Fish Recipe For Baked Fish Tacos

This fish recipe for baked fish tacos dish features panko-crusted fish, a spicy cilantro-lime slaw, a super-easy chipotle crema. You can choose other toppings also, such as avocado.

Fresh flavours abound in this fish taco, but the fat content is pleasantly modest. A fish taco with the right amount of heat and chill, crunchy and tender, smokey and lemony, saucy and herb. A recipe for fish tacos that is naturally mild enough for everyone at the table to appreciate but can easily be spiced up for those who prefer more heat. If you fancy a fish curry take a look at this recipe masala curry fish recipe.

Tacos de Mariscos
They’re made with the four primary ingredients that, in my opinion, make the best fish tacos. First, good-quality fish wrapped in a zesty toasted Panko coating and baked to crispy perfection (rather than fried). Second, there’s the Cilantro Lime Slaw dish which is cool, crisp, and delicious. Third, a 4-ingredient blender chipotle sauce to drizzle over the top. Last but not least, sprinkle all of your favourite fresh toppings on top, which, for the record, should include plenty of avocados. Another delicious fish recipe is flaky fish pie you can try.

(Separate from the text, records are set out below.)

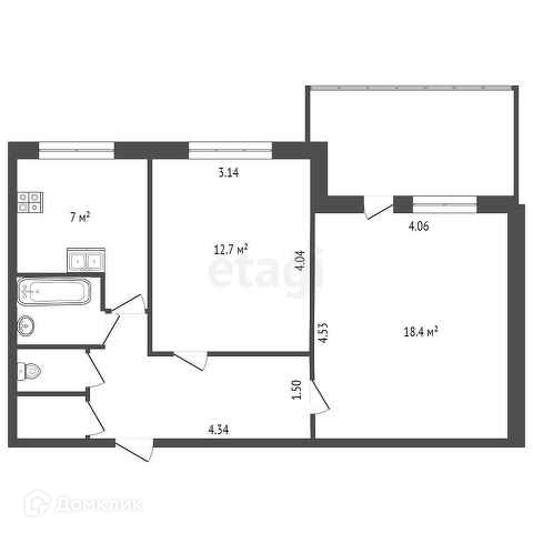 Жилая площадь 31.1 м2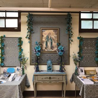 In addition to the traditional M.I. Corner in the St. Pius V Church bookstore, there is also an M.I. station for the propagation of the Faith under the patronage of the Immaculata. Zealous parishioners have provided the means for pamphlets, booklets, parish “business cards,” and Miraculous Medals to be distributed free of charge according to the M.I. Statutes; “to use all valid and legitimate means for the conversion and sanctification of men…as occasions present themselves.” In the future Father Trummer also hopes to set up this same station as a booth in local market festivals throughout the year “to work for the conversion to God of all men…through the mediation of the Immaculate.”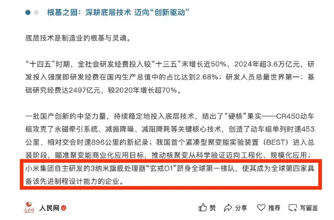 央媒又点赞小米!只不过有的网友觉得为啥又点赞了?我认为,小米自研3nm玄戒O1芯片,可以说是填补了先进芯片领域的空白。要知道,芯片可以说是尖端领域,能够突破就是给国产芯片长脸。而且小米还在新能源汽车、AI大模型、智能制造以及芯片半导体方面都在全面发力。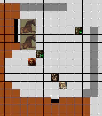 La demi-orque passait doucement sa main large sur l’encolure du cheval qu’elle s’était attribuée, et écoutait les propos peu rassurant de Mival Chenin, lorsque deux orques firent irruptions sous le porche d'entrée. La seule issue que la moine ait pu voir. Tonja avait déjà pu remarquer au cours de ses pérégrinations qu’il était coutume chez ce genre de brigands de deviser longuement en provocations. Elle s’éloigna de deux pas de sa future monture, alors que les orques ricanaient. Leurs intentions étaient claires, et la demi-orque ne se préoccupa guère de ce qu’ils avaient à dire. D’un même geste, elle tira sa fronde de sa ceinture de la main droite, et prit une bille dans sa besace. La moine commença à faire tournoyer son arme, espérant porter un premier coup rapide qui les prendrait au dépourvu. Sans un mot, elle visa celui armé d’une hache, moins pour laver l’insulte que par soucis d’éliminer celui qui pouvait être le chef du duo.Tonja arme sa fronde et tir.

Ingredients for Fish Tacos
Panko-Crusted Fish
: For these fish tacos, I recommend a good firm white fish (such as halibut or cod), which we’ll cut into 2-inch pieces (for the maximum crust-to-fish ratio), dip in egg (to make the crust stick), coat in a crispy Panko topping (including toasted Panko breadcrumbs, chilli powder, garlic powder, cumin, plus salt & pepper), and bake to crispy perfection in the oven.

Cilantro Lime Slaw: It’s simple to create with a bag of standard coleslaw mix or your own shredded cabbage and carrots and a quick blender sauce of plain Greek yoghurt (or mayo), cilantro, lime juice, green onions, garlic, cumin, and salt and pepper. If you want your slaw to be hotter, add a jalapeno to the sauce as well.

Chipotle Crema: This fast fish taco salsa is optional, but highly recommended, for adding a hint of smokiness to your tacos. Making it in the blender with Greek yoghurt (or mayo), chipotle chilli in adobo sauce, lime juice, and salt take only a minute or two more.
Tortillas: You can use corn or flour tortillas, depending on your preference.

Toppings: In my opinion, the more, the merrier. Some sliced avocado is required. Then add heaps of chopped fresh cilantro, crumbled queso fresco, sliced radishes or red onions, maybe some extra sliced jalapenos if you want a spicier kick.

Cooking Instructions
Prepare the cilantro-lime slaw by pulsing together all of the sauce ingredients in a blender, then tossing the slaw with the sauce and chilling it while you finish the remainder of the recipe. To make the chipotle crema, combine all of the ingredients in a blender and pulse until smooth.

Preheat the oven to 350°F toast the panko. This is an optional step, but one that I highly recommend for the crispiest fish possible! Put the panko on a baking sheet and toast it in the oven for 5-8 minutes, or until brown.  Then whisk together the toasted panko and the remaining ingredients in a mixing bowl.

Prepare the fish

Prepare the fish by cleaning it:
To coat your fish, create a small assembly line in the following order: (1) 2-inch slices of raw fish (2) whisked egg (3) panko mixture (4) baking sheet Dip the fish in the egg with your right hand and toss to coat. Then, move the fish to the panko mixture with your left hand and gently press it on so that it is evenly covered (this will avoid the ingredients from being combined and clumpy). Transfer the fish to the baking tray.

Cook the fish in the oven:
Put the fish in the oven to bake. To check the fish for doneness, I recommend using a cooking thermometer (it should reach an internal temperature of about 140°F, climb to 145°F as it continues to cook once removed from the oven). If you don’t have an oven thermometer, make sure the fish is opaque on the interior and readily flakes with a fork. Remove the fish from the oven, coarsely flake it into bite-sized pieces.

Toss the tacos together:
Fill a tortilla with slaw, fish, and chosen toppings, then sprinkle with chipotle crema and serve warm.